Delici Göğüs Yaralanmalarında İlk Yardım 
 Hasta veya yaralının bilinç kontrolü yapılır,
 Yaşam bulguları (ABC) ve yaranın durumu değerlendirilir,
 Hemen tıbbi yardım (112) istenir,
 Açık göğüs yaralanması varsa yara deliği avuç içi ile fazla bastırılmadan kapatılır. Yaralının bilinci yerinde ise kendi avucu ile kapatması istenir. Bu uygulama, göğüsteki yaradan giren hava nedeniyle akciğerlerin daha fazla büzülmesini önler. Yaranın üzeri temiz, hava geçirmeyen özellikte naylon poşet, alüminyum folyo vb. malzeme ile kapatılarak üç tarafı bantla sabitlenir. Nefes alma sırasında yaraya hava girmesini engellemek; nefes verme sırasında havanın dışarı çıkmasını sağlamak için yara üzerine konan malzemenin bir ucu açık bırakılır.
 Göğüste saplanmış bir cisim varsa cisim kesinlikle çıkartılmaz. Cismin ileri ya da geri hareketini engellemek için etrafı temiz bezlerle desteklenerek sabitlenir.
 Hasta veya yaralıya ağızdan hiçbir şey verilmez,
 Tıbbi yardım gelinceye kadar yaşam bulguları takip edilir.

Delici Karın Yaralanmaları 
Karın bölgesi, diğer vücut boşlukları gibi kemik doku ile korunmadığı için yaralanmalara açık bir bölgedir. Bu bölgede yaşamsal öneme sahip organ ve dokular bulunur. Hasta veya yaralının karın bölgesindeki yarasının boyutları ve derinliği önemlidir. Delici ve kesici yaralanmalarla oluşan açık yaradan karın içi organlar dışarı çıkmış olabilir, iç ve dış kanamalar görülebilir.

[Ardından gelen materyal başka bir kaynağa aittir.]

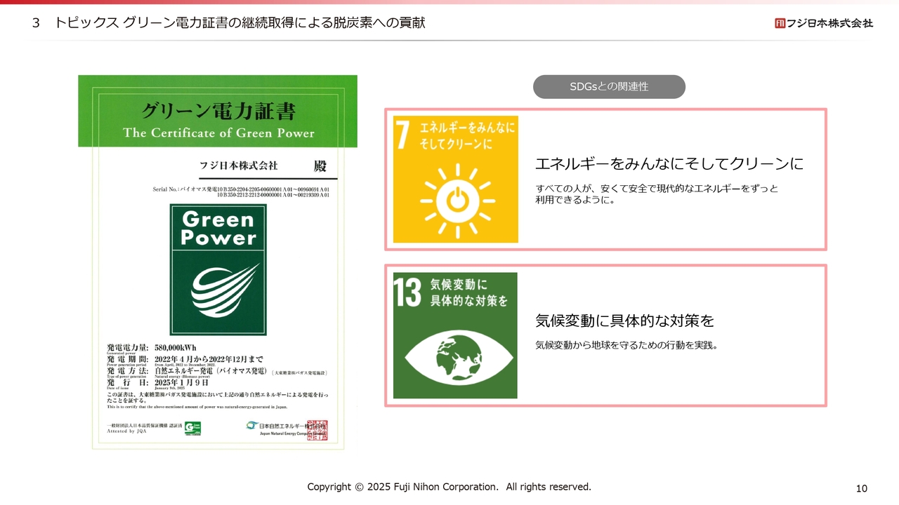 3 トピックス グリーン電力証書の継続取得による脱炭素への貢献

Delici Karın Yaralanmalarının Belirtileri 
Delici karın yaralanmalarında şu belirtiler görülür.
 Karın bölgesinde açık yaralanma bulgusu, dışarı çıkmış organlar ya da saplanmış cisim varlığı,  Karın bölgesinde sertlik ve hassasiyet,
 Şiddetli ağrı.

Delici Karın Yaralanmalarında İlk yardım 
 Hasta veya yaralının bilinci kontrol edilir,
 Hasta veya yaralının yaşam bulguları kontrol edilir, (ABC)
 Hemen tıbbi yardım (112) istenir,
 Açık yara, vücut eksenine paralel ise hasta veya yaralının bacakları uzatılarak sırt üstü yatırılır. Yara, vücut eksenine dik ise dizlerin altı desteklenerek yaralı bacaklar bükülmüş olarak yatırılır.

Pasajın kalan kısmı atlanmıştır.